*EXERCISE GOAL*: Taking the line with "Romantic Floral Ruffle" as the first and the line with "이날 간담회는 군 역점사업의" as the last, set down the lines below exactly, pictures excluded.

*DATA SHOWN*:
== Segment start ==

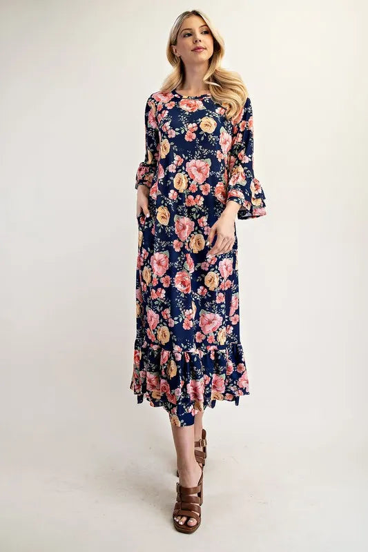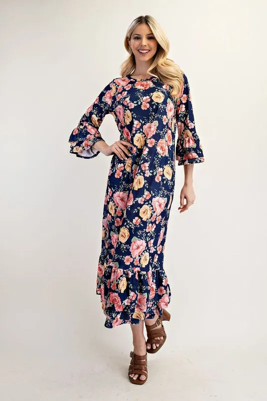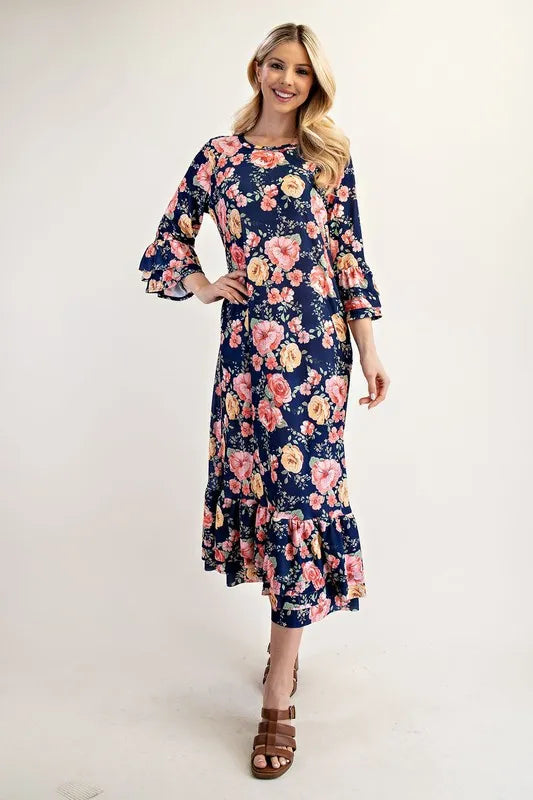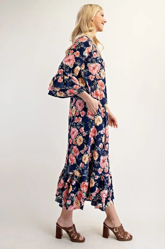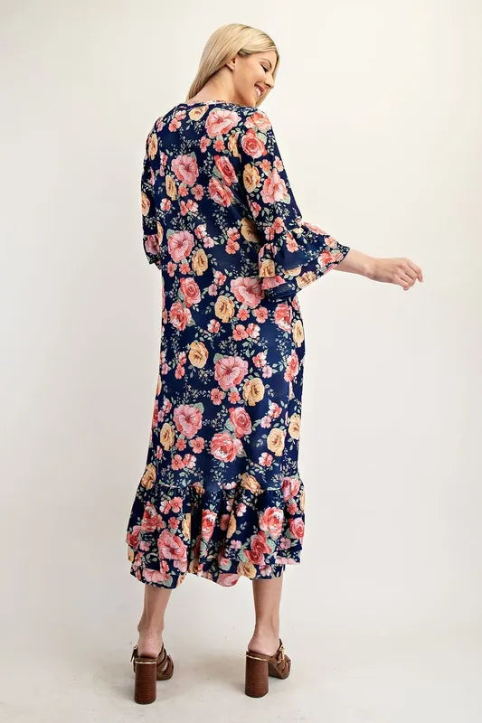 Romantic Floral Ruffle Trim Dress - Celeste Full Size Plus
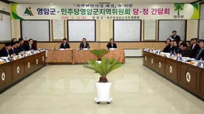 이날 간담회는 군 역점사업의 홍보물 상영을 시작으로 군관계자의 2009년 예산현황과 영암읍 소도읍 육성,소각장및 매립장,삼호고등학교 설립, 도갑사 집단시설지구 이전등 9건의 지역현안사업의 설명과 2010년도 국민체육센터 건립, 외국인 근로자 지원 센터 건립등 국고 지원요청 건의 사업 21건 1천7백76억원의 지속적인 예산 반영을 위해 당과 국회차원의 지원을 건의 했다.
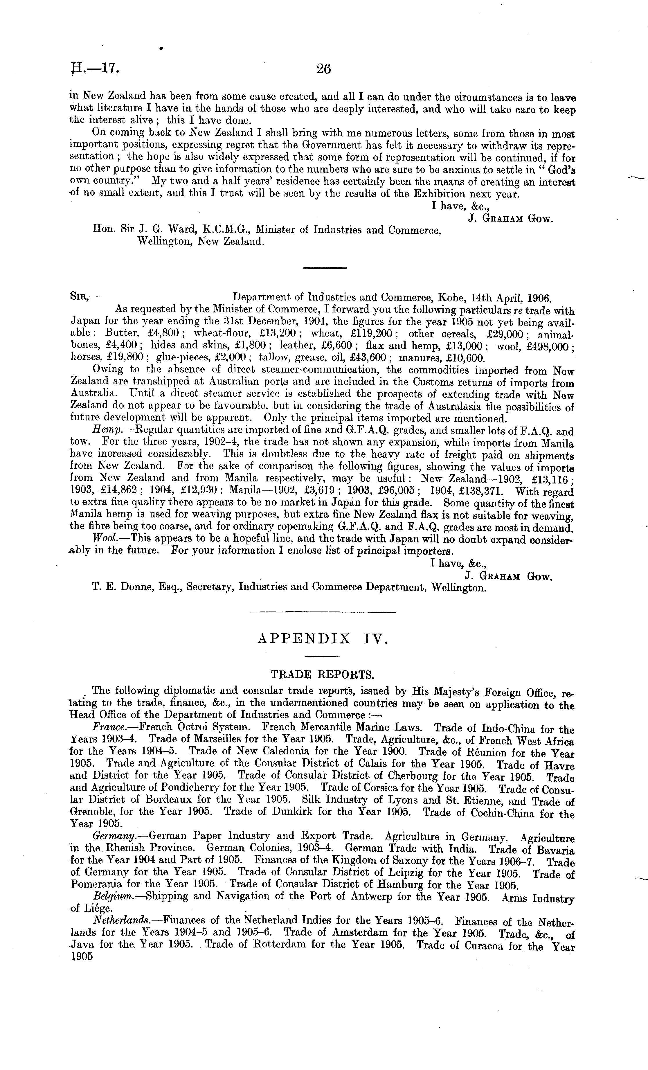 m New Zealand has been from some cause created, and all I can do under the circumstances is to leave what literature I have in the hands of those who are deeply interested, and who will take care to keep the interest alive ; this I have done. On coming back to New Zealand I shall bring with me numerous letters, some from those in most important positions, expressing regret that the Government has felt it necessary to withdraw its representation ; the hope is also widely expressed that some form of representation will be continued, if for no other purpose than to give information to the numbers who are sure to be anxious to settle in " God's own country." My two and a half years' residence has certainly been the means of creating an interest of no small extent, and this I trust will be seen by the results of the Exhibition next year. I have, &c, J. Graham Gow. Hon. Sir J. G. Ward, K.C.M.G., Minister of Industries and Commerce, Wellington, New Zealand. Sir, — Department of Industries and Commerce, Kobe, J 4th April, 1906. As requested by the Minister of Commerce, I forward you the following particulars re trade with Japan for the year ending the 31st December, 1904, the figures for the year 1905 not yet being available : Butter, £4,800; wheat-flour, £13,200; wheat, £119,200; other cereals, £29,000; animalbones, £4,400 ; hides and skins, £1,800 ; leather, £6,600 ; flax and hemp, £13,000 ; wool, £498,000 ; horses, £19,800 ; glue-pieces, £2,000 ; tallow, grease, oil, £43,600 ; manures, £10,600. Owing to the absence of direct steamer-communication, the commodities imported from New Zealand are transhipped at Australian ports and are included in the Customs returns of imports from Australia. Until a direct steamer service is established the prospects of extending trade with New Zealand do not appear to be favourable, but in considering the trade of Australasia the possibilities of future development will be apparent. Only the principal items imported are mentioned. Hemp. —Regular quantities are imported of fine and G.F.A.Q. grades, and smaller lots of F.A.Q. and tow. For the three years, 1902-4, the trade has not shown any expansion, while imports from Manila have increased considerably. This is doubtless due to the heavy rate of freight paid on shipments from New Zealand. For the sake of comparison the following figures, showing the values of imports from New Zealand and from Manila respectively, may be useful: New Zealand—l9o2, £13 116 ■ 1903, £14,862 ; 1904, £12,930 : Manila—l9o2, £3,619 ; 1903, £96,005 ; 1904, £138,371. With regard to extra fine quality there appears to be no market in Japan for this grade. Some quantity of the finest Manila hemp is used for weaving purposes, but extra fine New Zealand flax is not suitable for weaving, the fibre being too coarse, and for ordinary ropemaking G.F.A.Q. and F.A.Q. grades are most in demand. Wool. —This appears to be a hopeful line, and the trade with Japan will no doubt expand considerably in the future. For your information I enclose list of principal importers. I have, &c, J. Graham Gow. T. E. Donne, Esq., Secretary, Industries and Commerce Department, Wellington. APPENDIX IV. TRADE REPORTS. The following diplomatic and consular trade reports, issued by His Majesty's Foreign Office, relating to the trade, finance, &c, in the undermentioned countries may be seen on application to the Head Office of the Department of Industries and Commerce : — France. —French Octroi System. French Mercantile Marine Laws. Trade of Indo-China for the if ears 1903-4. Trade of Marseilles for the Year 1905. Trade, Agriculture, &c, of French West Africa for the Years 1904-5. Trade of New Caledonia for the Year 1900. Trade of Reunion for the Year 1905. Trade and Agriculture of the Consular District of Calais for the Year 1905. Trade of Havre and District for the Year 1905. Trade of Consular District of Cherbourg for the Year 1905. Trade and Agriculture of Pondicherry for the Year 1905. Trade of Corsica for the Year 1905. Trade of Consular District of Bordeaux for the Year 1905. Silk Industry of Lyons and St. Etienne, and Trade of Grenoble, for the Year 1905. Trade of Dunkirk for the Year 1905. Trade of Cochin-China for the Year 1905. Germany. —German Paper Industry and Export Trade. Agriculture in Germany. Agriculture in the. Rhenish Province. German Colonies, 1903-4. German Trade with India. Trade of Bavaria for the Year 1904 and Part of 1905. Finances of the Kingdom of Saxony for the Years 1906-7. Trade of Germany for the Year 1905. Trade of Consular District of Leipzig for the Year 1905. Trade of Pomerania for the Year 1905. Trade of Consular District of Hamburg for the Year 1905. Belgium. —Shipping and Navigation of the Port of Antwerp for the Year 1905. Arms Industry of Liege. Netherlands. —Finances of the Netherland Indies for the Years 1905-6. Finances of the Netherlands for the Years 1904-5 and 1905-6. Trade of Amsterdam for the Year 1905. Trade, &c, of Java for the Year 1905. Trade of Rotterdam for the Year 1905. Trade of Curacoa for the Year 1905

== Segment end ==
== Segment start ==

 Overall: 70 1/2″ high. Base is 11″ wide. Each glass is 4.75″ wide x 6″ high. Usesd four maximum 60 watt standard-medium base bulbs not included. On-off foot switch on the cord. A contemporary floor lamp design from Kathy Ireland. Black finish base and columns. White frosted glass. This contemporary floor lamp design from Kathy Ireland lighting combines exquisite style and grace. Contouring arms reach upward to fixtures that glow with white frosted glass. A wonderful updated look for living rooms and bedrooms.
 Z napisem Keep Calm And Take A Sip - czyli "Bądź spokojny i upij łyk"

== Segment end ==

*RESULT FOR THIS TASK*:
 Romantic Floral Ruffle Trim Dress - Celeste Full Size Plus
 이날 간담회는 군 역점사업의 홍보물 상영을 시작으로 군관계자의 2009년 예산현황과 영암읍 소도읍 육성,소각장및 매립장,삼호고등학교 설립, 도갑사 집단시설지구 이전등 9건의 지역현안사업의 설명과 2010년도 국민체육센터 건립, 외국인 근로자 지원 센터 건립등 국고 지원요청 건의 사업 21건 1천7백76억원의 지속적인 예산 반영을 위해 당과 국회차원의 지원을 건의 했다.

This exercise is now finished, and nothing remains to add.